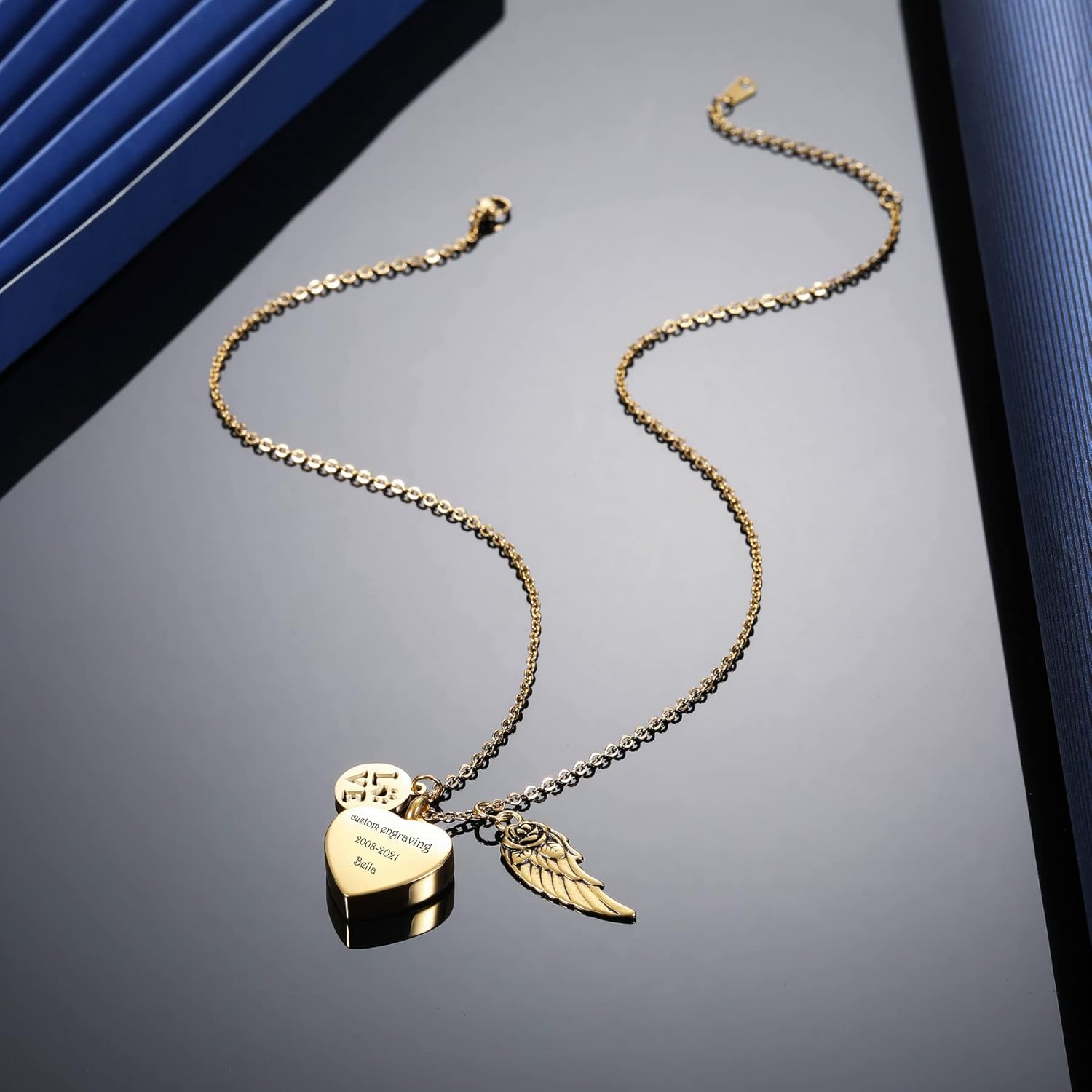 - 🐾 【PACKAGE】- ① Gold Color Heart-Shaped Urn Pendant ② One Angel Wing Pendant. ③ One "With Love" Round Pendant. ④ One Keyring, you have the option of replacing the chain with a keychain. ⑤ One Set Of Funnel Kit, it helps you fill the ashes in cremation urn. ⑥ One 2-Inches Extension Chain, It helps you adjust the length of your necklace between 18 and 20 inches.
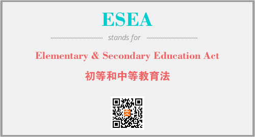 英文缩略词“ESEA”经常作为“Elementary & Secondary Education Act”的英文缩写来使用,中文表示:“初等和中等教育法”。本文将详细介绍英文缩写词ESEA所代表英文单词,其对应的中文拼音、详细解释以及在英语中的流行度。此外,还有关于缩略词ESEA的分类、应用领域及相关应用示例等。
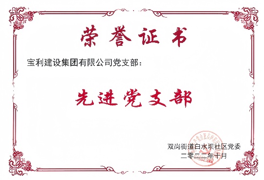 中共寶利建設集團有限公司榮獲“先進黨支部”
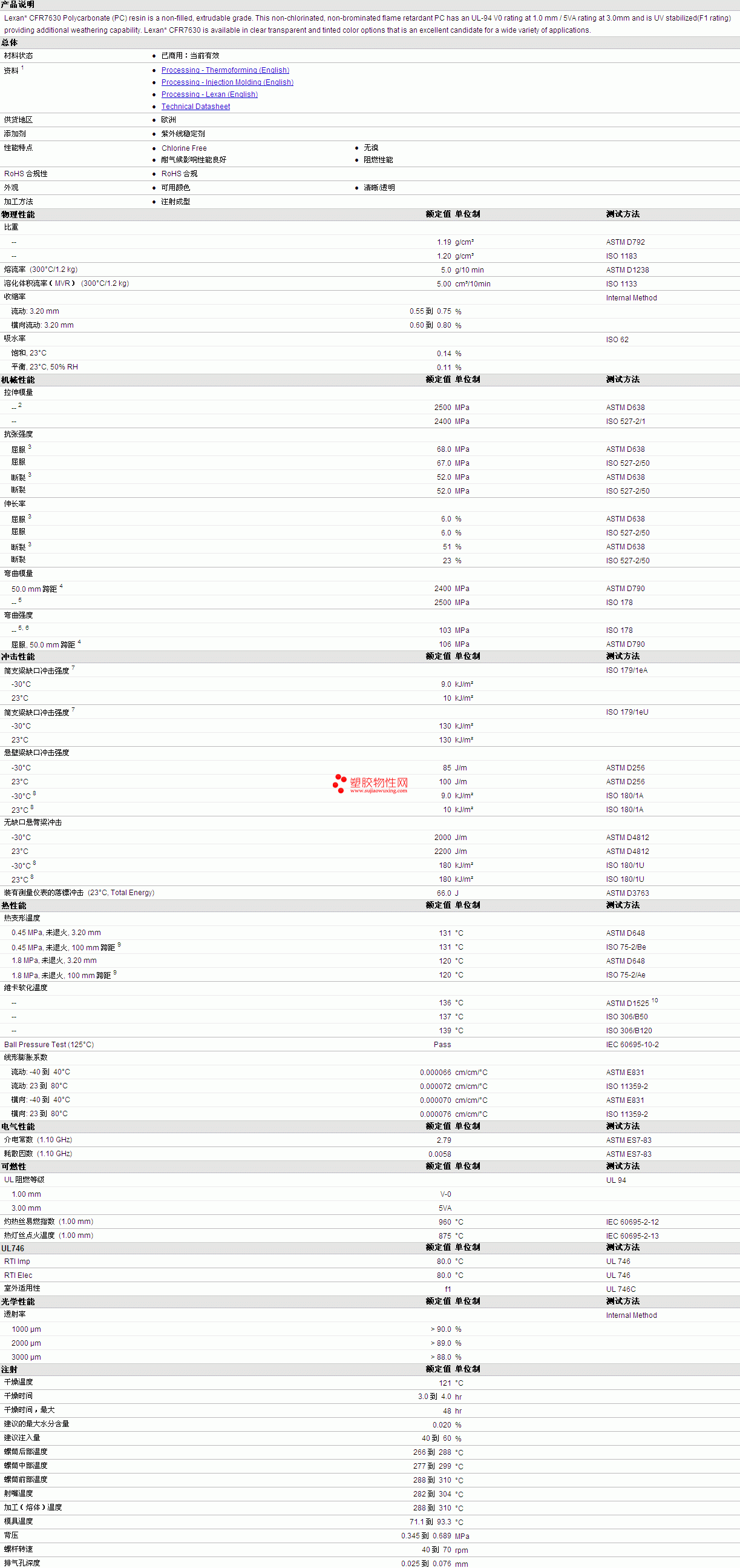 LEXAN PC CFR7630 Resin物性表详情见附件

**Problem to solve**
Output the listing above exactly as it stands; no picture should appear.

**Expected answer**
 - 🐾 【PACKAGE】- ① Gold Color Heart-Shaped Urn Pendant ② One Angel Wing Pendant. ③ One "With Love" Round Pendant. ④ One Keyring, you have the option of replacing the chain with a keychain. ⑤ One Set Of Funnel Kit, it helps you fill the ashes in cremation urn. ⑥ One 2-Inches Extension Chain, It helps you adjust the length of your necklace between 18 and 20 inches.
 英文缩略词“ESEA”经常作为“Elementary & Secondary Education Act”的英文缩写来使用,中文表示:“初等和中等教育法”。本文将详细介绍英文缩写词ESEA所代表英文单词,其对应的中文拼音、详细解释以及在英语中的流行度。此外,还有关于缩略词ESEA的分类、应用领域及相关应用示例等。
 中共寶利建設集團有限公司榮獲“先進黨支部”
 LEXAN PC CFR7630 Resin物性表详情见附件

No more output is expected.